In the capital, the Nairobi governor’s office, city hall and the country’s parliament were this afternoon all set ablaze.

The protestors had started the day threatening a “total shutdown”.

And at the end of a day of chaos and panic across the country, often set against the sound of teargas and at times live fire from police, there is no doubt their fury has been heard.

In response, Mr Ruto has chosen not to yield to the demands of the demonstrators by abandoning his budget – but has pushed back against them in an effort to calm the country.

Some in his government might wonder whether that position can hold, and where it leaves his controversial finance bill in the longer term.

Mr Ruto has argued the raft of new taxes are essential to control Kenya’s debt – a huge sum of more than $80bn (£63bn), which costs the country more than half of its annual tax revenues to service.

Kenya secured a restructuring of its international debt commitments earlier this year – something which immediately pushed a surge in the value of its currency.

Increasingly seen as one of Africa’s leading statesmen, recently returned from a state visit to the White House, Mr Ruto understands the importance to his nation’s economy of avoiding a default on its debt payments.

For those in his government the calculation was that controlling the state finances by increasing the tax burden was preferable to cutting public services.

The bill, due to become law next Monday, originally brought in dozens of new or increased taxes on everything from car ownership and financial transactions to sanitary pads.

Several of the most contentious taxes have already been dropped following consultation with the public.

But the controversy over the budget follows other revenue-raising measures introduced by Mr Ruto, including increased taxes for healthcare and low-cost housing.

And for those on the street, there’s a third solution available to the government beyond cutting services or raising taxes.

Many blame the country’s financial woes on corruption, with taxpayers wary of paying more amidst a lack of trust over the transparency of the state.

For Mr Ruto it is perhaps the shadows of this past that make his current position so difficult.

He may be a new president, and with a focus on green energy and tech he’s certainly got new ideas about where he wants to take Kenya.

But for many on the streets, Mr Ruto’s record as a senior figure in government over a period marred by corruption means it’s hard to trust him with their taxes.

Today’s events in Nairobi leave Mr Ruto seemingly pinned now into a tight corner.

Facing condemnation for what many Kenyans see as a heavy-handed response to protests in the street, he has chosen to take on directly those he blames for letting the demonstrations spiral out of control.

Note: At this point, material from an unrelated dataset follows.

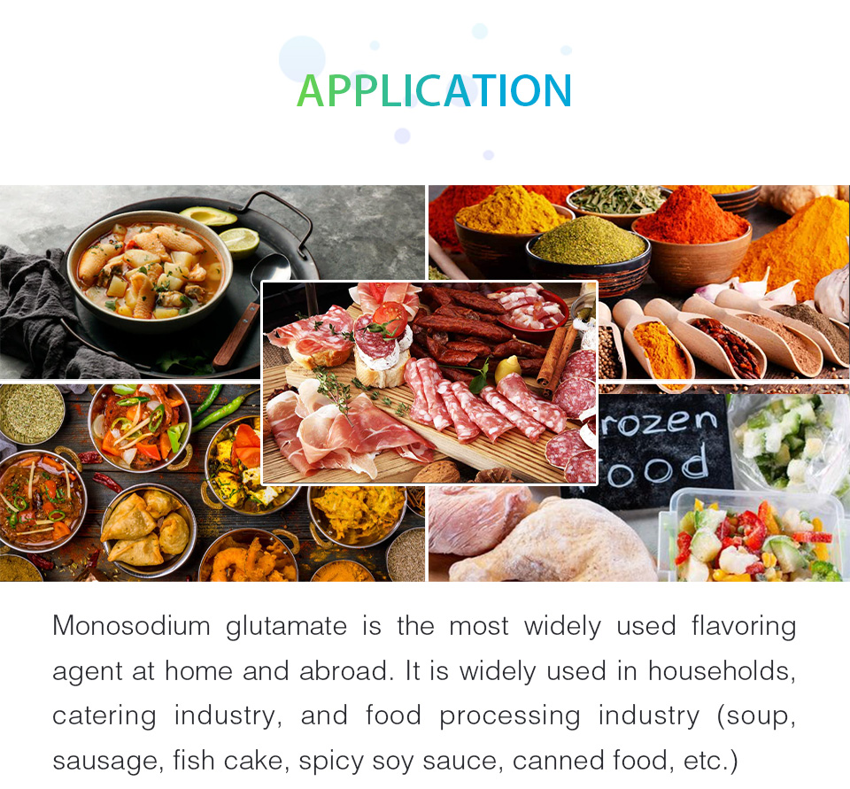 Usage:Monosodium glutamate is the most widely used flavoring agent at home and abroad. It is widely used in households, catering industry, and food processing industry (soup, sausage, fish cake, spicy soy sauce, canned food, etc.)

But few of those who came out to have their voices heard in Nairobi and across the country show any sign of giving up.

When Mr Ruto addressed the nation in his inauguration speech last year, he spoke directly to the country’s politically active youth.

“My political journey,” he told them, “similarly began as a young campaign volunteer, fresh out of university.”

“Your experience and lessons learnt should form the basis for your leadership journey.”

Now it is a confrontation with a youth-led movement that poses what many consider to the be biggest challenge to authority in Kenya since the country’s independence in 1963.

The next days for Mr Ruto will be crucial, with a showdown likely to continue between his government and many of its people.